The long awaited Fed move has now come and gone.  The Federal Reserve raised interest rates for the first time in almost a decade on December 16.  The Federal Reserve’s Open Market Committee (FOMC) finally pulled the trigger and raised the range for the fed funds rate by a quarter of a percentage point to between 0.25 percent and 0.50 percent.  The fed funds rate is the interest rate that banks charge other banks on overnight loans and is greatly influenced by actions taken by the FOMC.

Fed fund rate changes generally influence other short term interest rates on loans and savings products.  A rate hike by the Fed leads to rate hikes on mortgages, credit cards, business loans, savings accounts, bank CDs,  and a whole host of other interest bearing financial products.  Often though, the time period between a rate hike by the Fed and rate changes in the market place can be drawn out.  And, this is looking like one of these times.

After the announcement, midterm Treasury rates did advance with yields climbing by a few basis points on the two through five year term Treasury notes.  However, the week over week changes on Treasuries were notable due to their inaction.  One basis point is 0.01% or 1/100th of a percent.

Three month, six month and one Treasury rates declined slightly on the week.  The two year and five year notes made modest climbs, up by nine basis points on the two’s and 11 basis points on the five’s.  The ten year gained just six basis points during the week.

Interest rate inertia was even more noteworthy on bank savings products and loan products. The average rate on the best CD rates available nationally, measured by the CD rate index, was unchanged on the week.
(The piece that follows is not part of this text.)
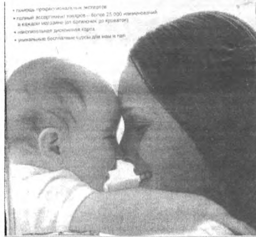
Галерея: профессиональные мастера • годовой ассортмент товаров - более 25 000 наименований в каждом магазине (по сравнению со средним) • инновационная дизайнерская форма • уникальные брендовые курсы для мамы и папы

Что же касается выставки, то она включает три раздела. Первый раздел носит название «Пусть всегда будет мама!» и рассказывает об истории праздника. «Золотая нить семейных традиций» - так называется второй раздел выставки, эпиграфом к которому стали слова О. Бальзака: «Будущее нации - в руках матерей». Он рассказывает о законах, защищающих права матери и ребенка, и обо всем, что с этим связано. Слова Н. Некрасова: «Женщина - великое слово, в ней подвиг матери» стали вступительными к третьему разделу. Этот раздел выставки, названный «Сокровище душевной красоты», представлен произведениями о матери.

Of the five maturities measured in the weekly index, only the six month rates displayed a rate change and climbed five basis points to end the week at 0.870%. The other four maturities saw no weekly change on the top performing accounts.

Bank money market rates and savings accounts rates lost ground this week.  Rates dipped modestly for new savers on these variable rate instruments.  The average rate on the top ten highest money market and savings rates fell to 1.055% from 1.060% at the start of the week.

Mortgage rates are now a little more costly for borrowers but the increase in costs, rates and points, was quite mild in light of the week’s events.  The average 30 year fixed rate mortgage coming from the nation’s leading bank mortgage lenders was up just over two basis points, moving up to 4.066% from 4.047% in the previous week.  Mortgage rate changes after the Fed decision will be almost undetectable for most borrowers.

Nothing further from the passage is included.